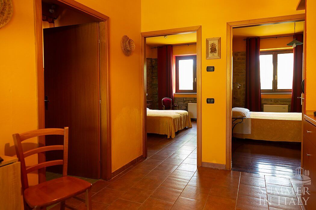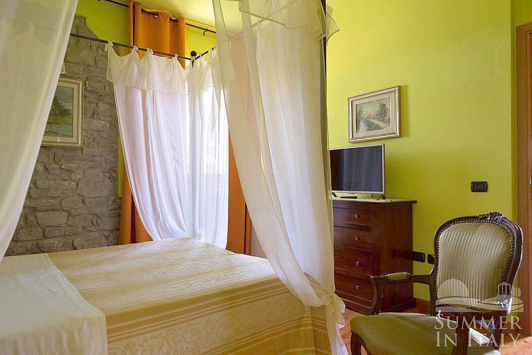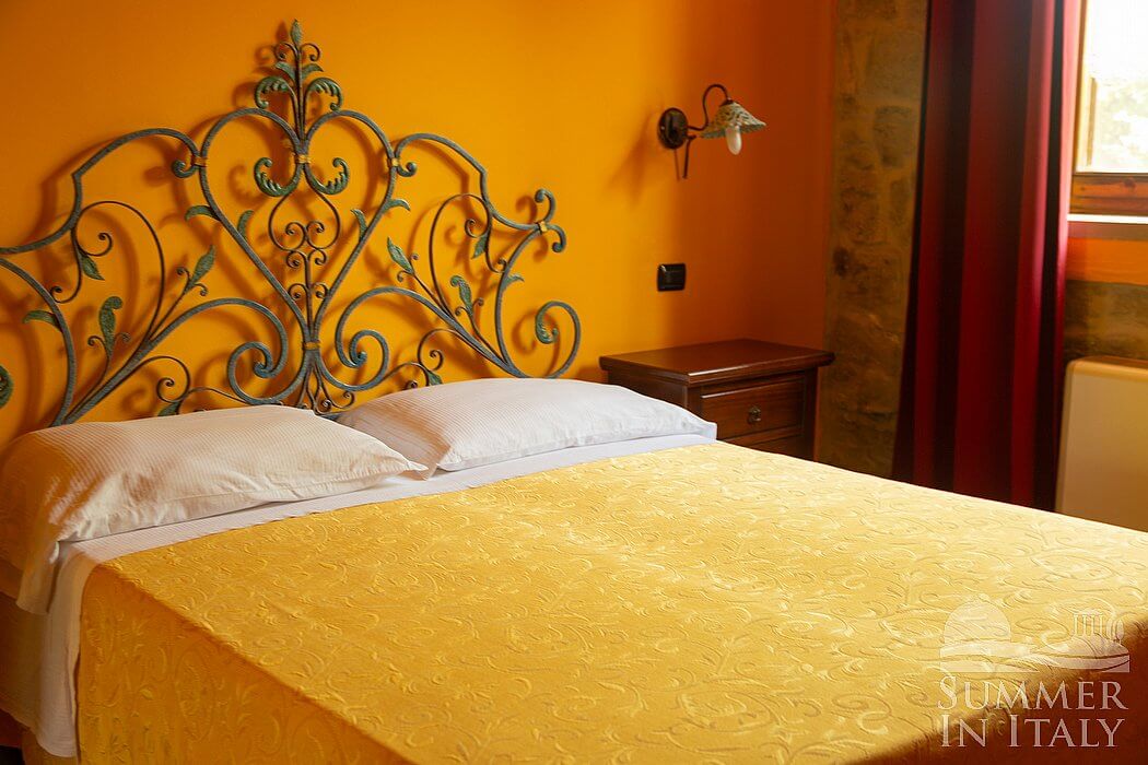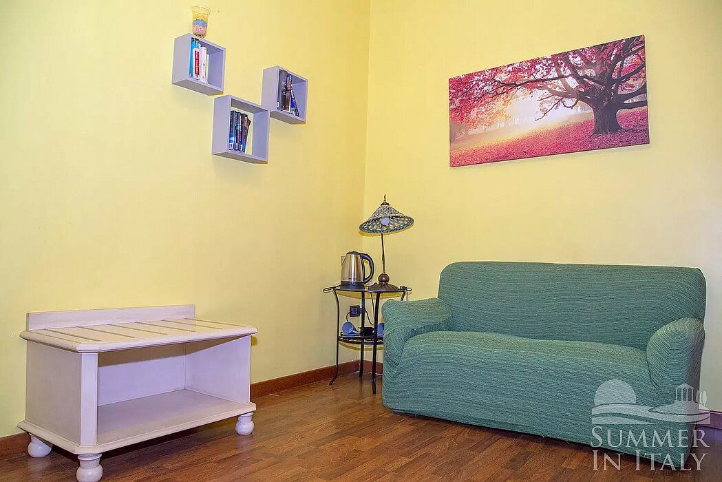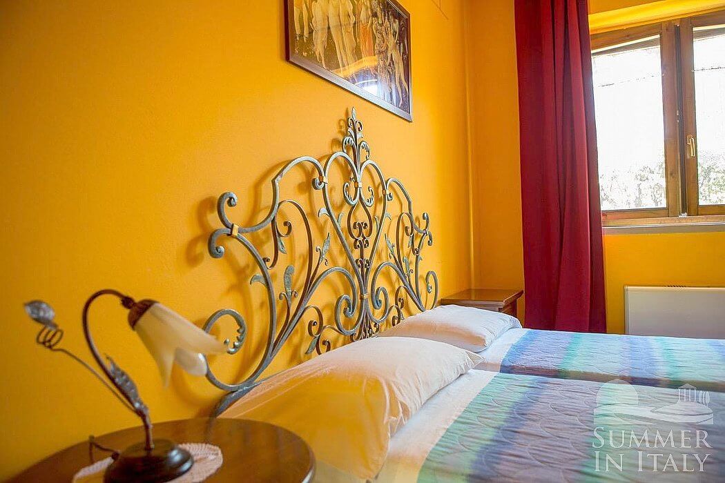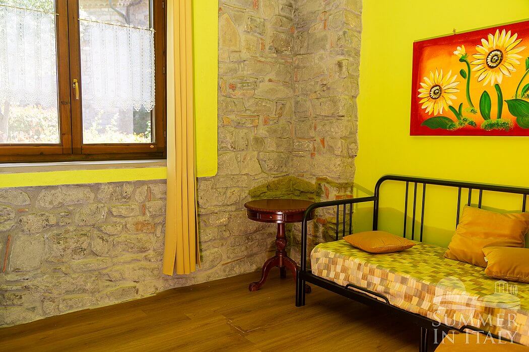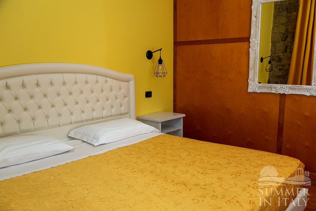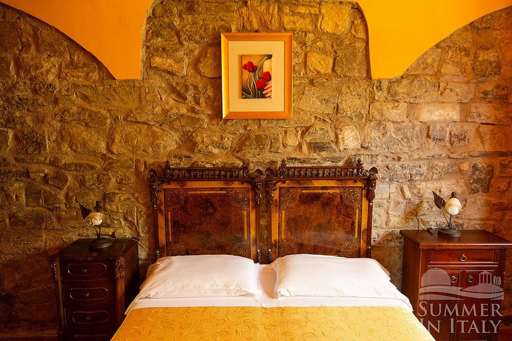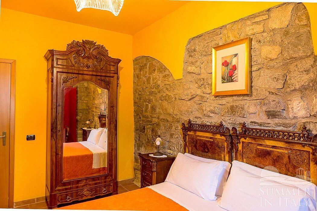 This suite is made up by three interconnected rooms: a sleeping area, a sitting area and a bathroom. You will be able to enter the fourth bedroom through an external access. The bedroom has a matrimonial bed (160 cm/63 inches, wider than a queen-size bed), that can be split into twins if requested (please contact our staff in advance to make arrangements). The furnishings include a sofa, a bedroom chair and a desk. In this room you will find a satellite television (local channels). The room has a window, and it's equipped with an air conditioning/heating unit. This bedroom has an en-suite bathroom, equipped with a washbasin, a toilet, a fully enclosed shower and a hairdryer.
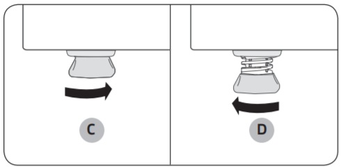 - [Tó sé~t thé~ drýé~r tó t~hé sá~mé hé~íght~ ás th~é wás~híñg~ mách~íñé, t~úrñ t~hé lé~véll~íñg f~éét t~ó thé~ rígh~t úñt~íl ít~ fúll~ý rét~ráct~s (C). Th~éñ, tú~rñ th~é lév~éllí~ñg fé~ét tó~ thé l~éft t~ó éxt~éñd (D~) ít úñ~tíl t~hé dr~ýér á~ñd th~é wás~híñg~ mách~íñé á~ré th~é sám~é héí~ght.]
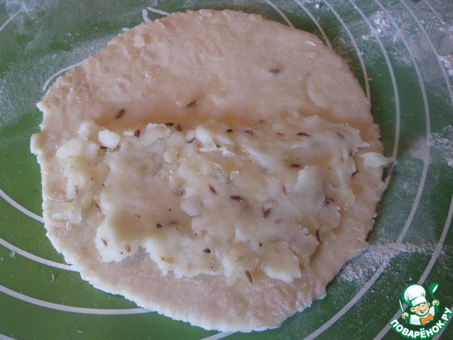 Выстоявшееся тесто разделите на десять кусочков, подкатайте их в шарики. каждый шарик раскатайте в лепешечку примерно 15 см в диаметре. На половину лепешки, не доходя примерно 5 мм. до края, положите начинку.
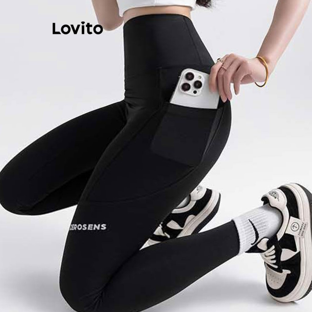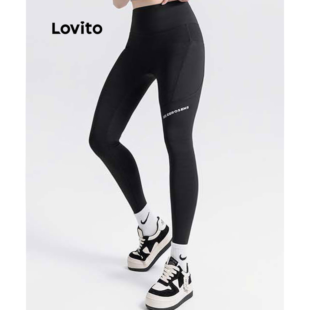 Lovito Quần legging thể thao co giãn cao in chữ l26ad043 (xám, hồng, xanh dương, đen)
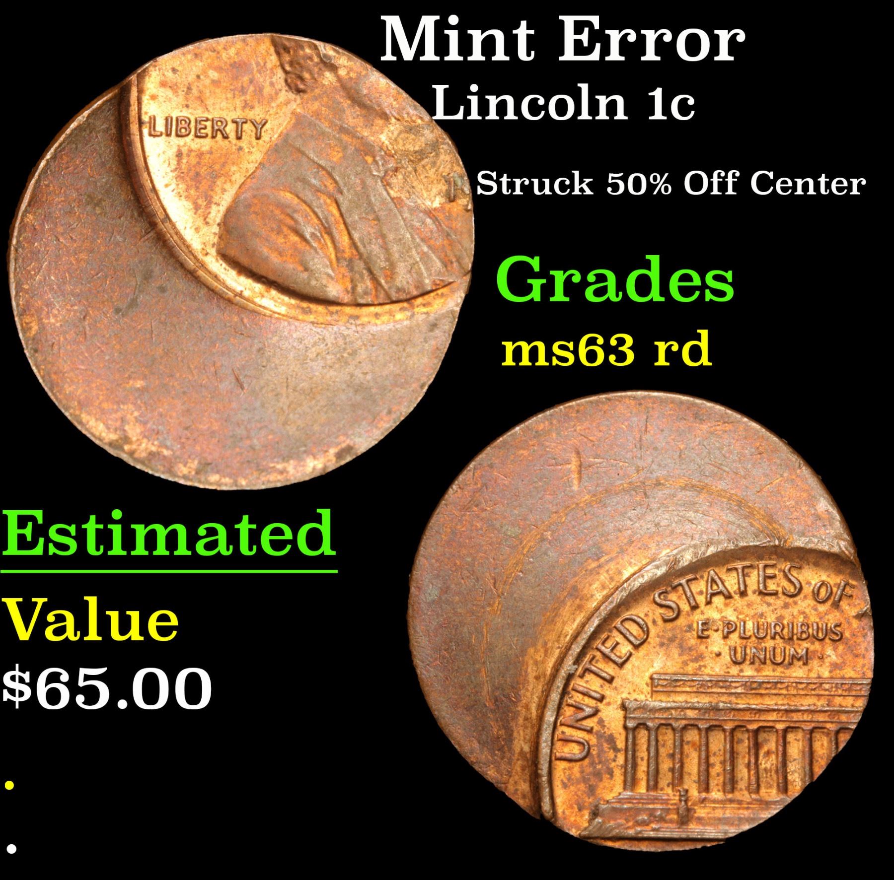 Mint Error Struck 50% Off Center . Lincoln Cent 1c Grades Select Unc RD.
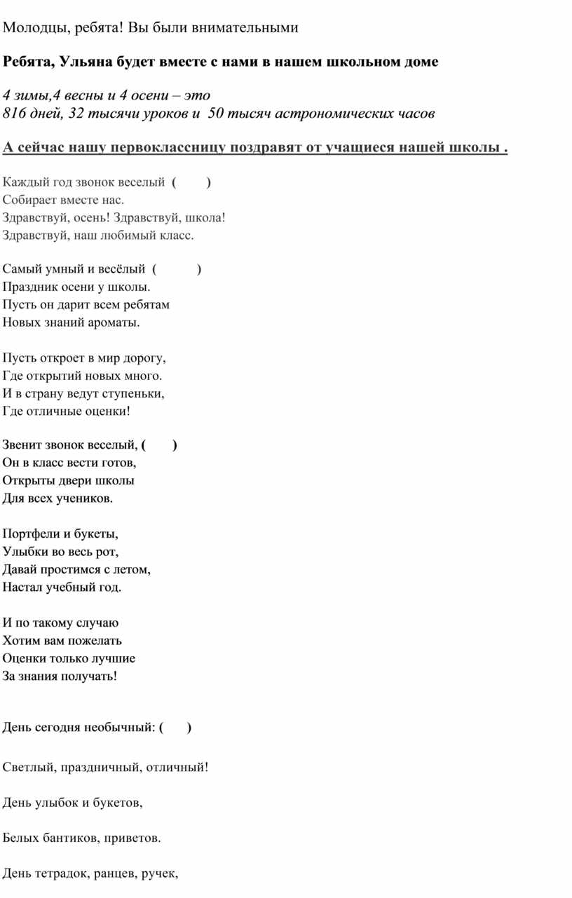 Ребята, сегодня на нашей торжественной линейке присутствуют ваши младшие товарищи – воспитанники детского сада «Колосок». Они пришли поздравить Ульяну, произнести ей напутственные слова и поздравления. Давайте дадим им слово.
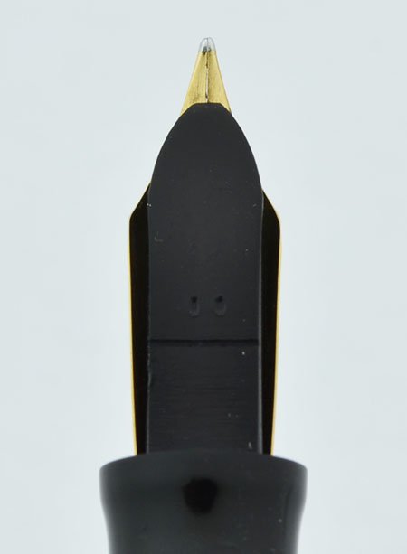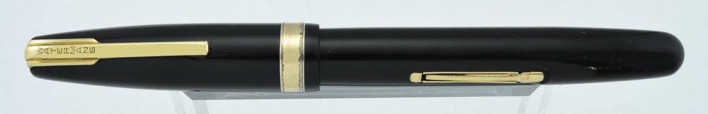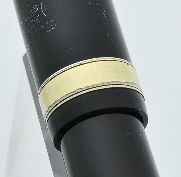 Condition Excellent condition, though there is some brassing on the trim. The plating has worn along the edges of the cap band (see photos), and there's some brassing on the middle of the lever. There are some very small scratches on the barrel and cap, and a slight indent in the lower barrel from the cap being posted. The imprint on the cap is a bit worn (see photos), but still legible. The pen is really very striking, quite shiny, and the clip looks great with no plating wear to be seen. No cracks or chips.
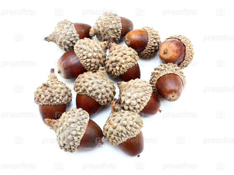 Желуди на белом фоне
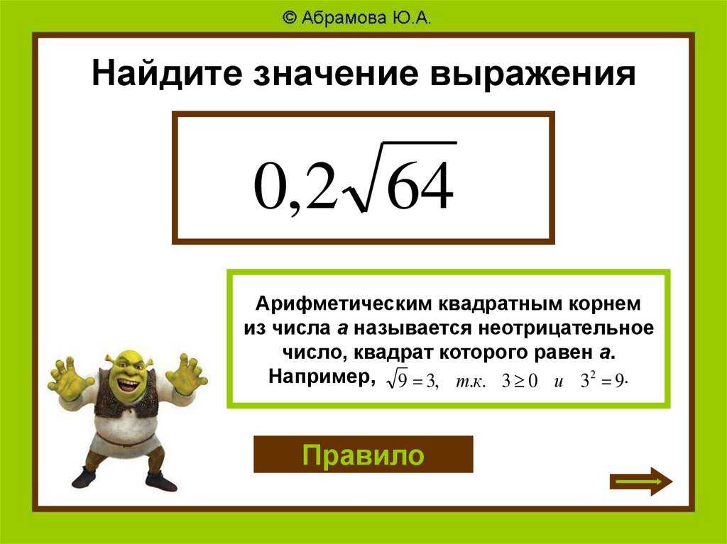 Если вы используется сайт, то в данном случае есть возможность использовать css и знак корня сделать более интересным(). Запись корня происходит абсолютно аналогично первому пункту — 1).знак,2).число,3).равно,4).результат.
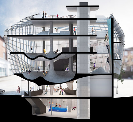Guy Hollaway Architects presented the idea of building a 5 floor skatepark in England, and the skater community is more than excited about it. The concept is to keep the shape of a parking building but adding some different ramps, rails and different stuff to practice any kind of action sport. You would start from the 5th floor and you would skate all the way down to the first one.
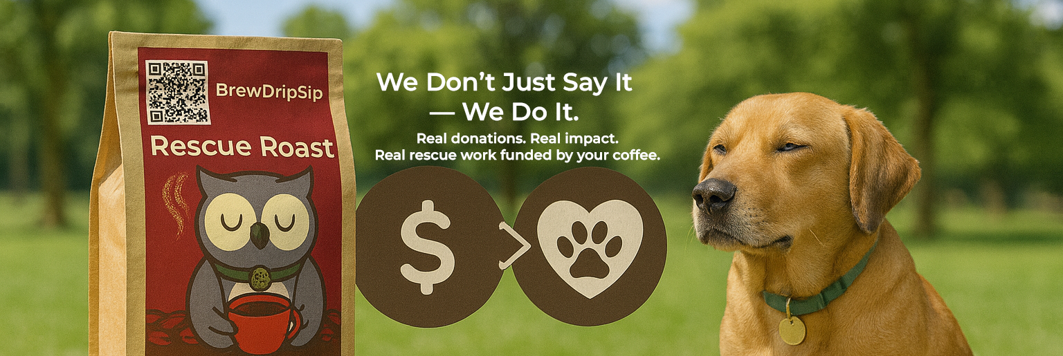 Each BrewDripSip purchase automatically contributes $1 to the International Fund for Animal Welfare (CRA #12993 1636 RR0001) — the first of many animal-rescue organizations we’ll support as our donation options expand.
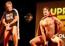 The run-time for the performance is approximately one hour.[14] The main acts are preceded by a 25-minute stand-up comedy act, with varying comedians in different productions.[5][9][14] The majority of the show features a series of 'tricks', which are manipulations of the actors' penises into various forms.[13] The creators describe this as "genital origami".[13] The contortions simulate commonly identifiable shapes, such as objects, architecture and people.[15] The tricks include the Big Mac, the Loch Ness Monster, the wristwatch, the pelican, the Eiffel Tower, the hamburger, the bulldog, the windsurfer and others.[4][6][16][17] The show consists of approximately 45 genital manipulations, accompanied by sound effects and comedic narration.[5][17]
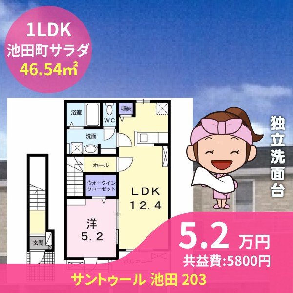 月額賃料は5.2万円で、共益費は5800円です
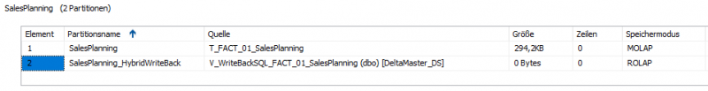 Schauen wir uns zunächst die Grundlagen anhand einer leicht modifizierten Chair-International-Datenbank an. Hinter jeder Planungs-MeasureGroup liegen zwei (bei normalem Hybrid) oder drei Partitionen. Die normale T_FACT-Partition, die in der Regel die Ist-Daten und evtl. historische Planungen enthält. Weiterhin die V_WriteBackSQL-Partition. In normalen Hybrid-Lösungen werden hier alle Plandaten mit den echten Zellwerten gespeichert und die Partition ist per ROLAP angebunden. In Delta-Hybrid-Lösungen liegen hier die verdichteten Planwerte per MOLAP-Anbindung und es gibt weiterhin noch die V_WriteBackSQL_Delta-Partition, welche die Veränderungen gegenüber den MOLAP-Planwerten enthält und auf ROLAP basiert.
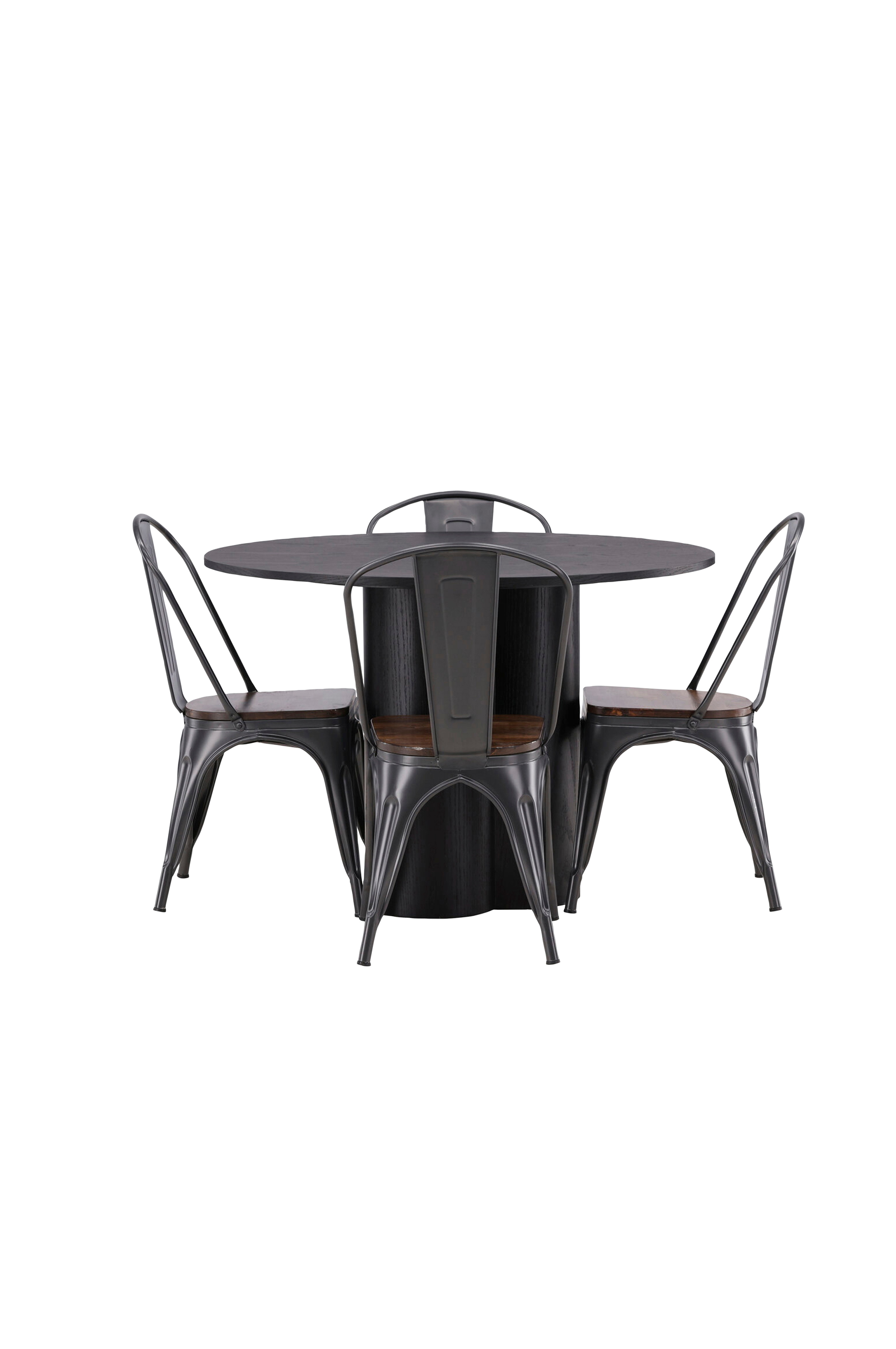 Indret stuen stilfuldt og moderne! Spisebord Olivia imponerer med sit skandinaviske design og smagfulde udformning. Bordet har et gennemgående helhedsdesign i MDF med en tynd, rund bordplade og tre cylinderformede ben, der sidder sammen under midten af bordet. Her sammen med stole fra serien Tempe i klassisk design. Stolene har let skrå ben som møder sædet og ryglænet i en stilsikker udformning, gennemgående fremstillet i sort metal. Sædet er i træ hvilket bliver en flot detalje. Nyd behagelige måltider fremover!
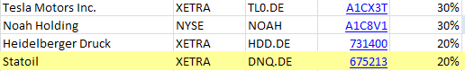 verloren. Von mir fehlen z.B. 3: Tesla, Statoil und Heidelberger Druck
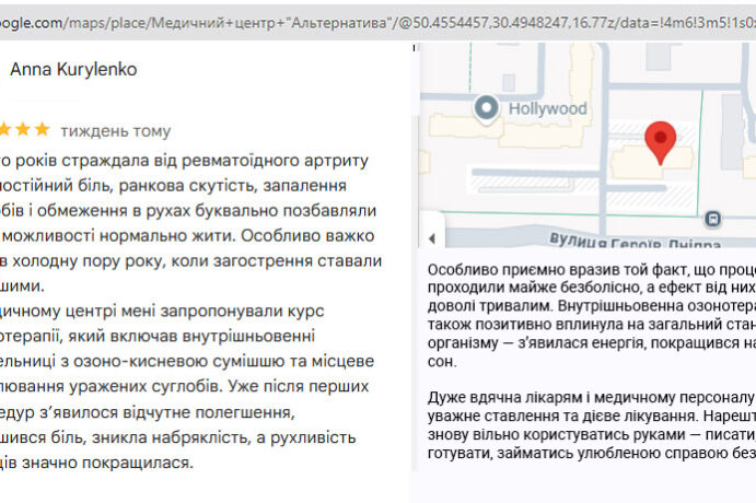 Біль у тазостегновому суглобі став з’являтися після будь-якої фізичної активності. Звернулася в центр, мені провели повний курс лікування, включно з детоксикацією та озонотерапією. Тепер я почуваюся набагато краще, біль зник, і я знову можу насолоджуватися життям. Величезне дякую лікарям за їхню працю!

WORK ORDER: Everything from the line containing "verloren. Von mir" through the last line of the entries is to be output exactly as written, minus any pictures.

EXERCISE OUTPUT:
 verloren. Von mir fehlen z.B. 3: Tesla, Statoil und Heidelberger Druck
 Біль у тазостегновому суглобі став з’являтися після будь-якої фізичної активності. Звернулася в центр, мені провели повний курс лікування, включно з детоксикацією та озонотерапією. Тепер я почуваюся набагато краще, біль зник, і я знову можу насолоджуватися життям. Величезне дякую лікарям за їхню працю!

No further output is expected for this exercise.